* Exercise inputs
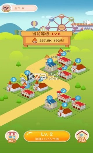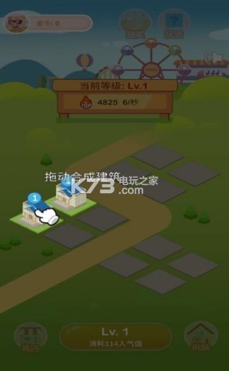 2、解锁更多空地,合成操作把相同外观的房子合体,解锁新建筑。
* * *
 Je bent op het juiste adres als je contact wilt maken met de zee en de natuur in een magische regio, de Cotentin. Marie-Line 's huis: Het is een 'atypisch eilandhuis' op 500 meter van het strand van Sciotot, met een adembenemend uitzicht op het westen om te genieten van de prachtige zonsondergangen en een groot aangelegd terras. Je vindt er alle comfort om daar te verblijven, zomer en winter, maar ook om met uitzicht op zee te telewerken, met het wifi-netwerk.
...
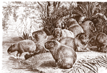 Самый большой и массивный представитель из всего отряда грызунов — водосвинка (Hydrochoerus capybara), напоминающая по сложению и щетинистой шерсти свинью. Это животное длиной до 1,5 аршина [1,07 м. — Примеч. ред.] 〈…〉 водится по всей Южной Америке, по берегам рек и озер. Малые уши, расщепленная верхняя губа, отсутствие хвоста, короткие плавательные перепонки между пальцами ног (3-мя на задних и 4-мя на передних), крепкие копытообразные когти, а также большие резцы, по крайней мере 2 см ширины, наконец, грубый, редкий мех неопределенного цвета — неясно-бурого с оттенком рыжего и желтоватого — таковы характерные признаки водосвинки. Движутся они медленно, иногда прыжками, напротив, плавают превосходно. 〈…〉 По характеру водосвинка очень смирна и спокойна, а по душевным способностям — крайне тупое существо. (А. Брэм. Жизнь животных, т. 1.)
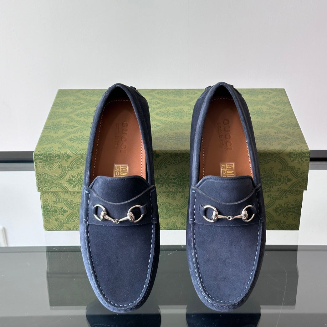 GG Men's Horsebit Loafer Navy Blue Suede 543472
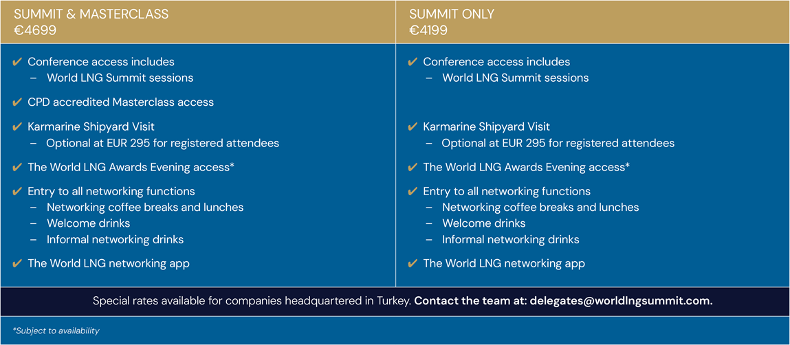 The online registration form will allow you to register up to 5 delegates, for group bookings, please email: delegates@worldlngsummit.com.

* Work task
Those lines of the records above that run from the one containing "GG Men's Horsebit" through the one containing "The online registration" should be returned exactly, with no pictures among them.

* Exercise output
 GG Men's Horsebit Loafer Navy Blue Suede 543472
 The online registration form will allow you to register up to 5 delegates, for group bookings, please email: delegates@worldlngsummit.com.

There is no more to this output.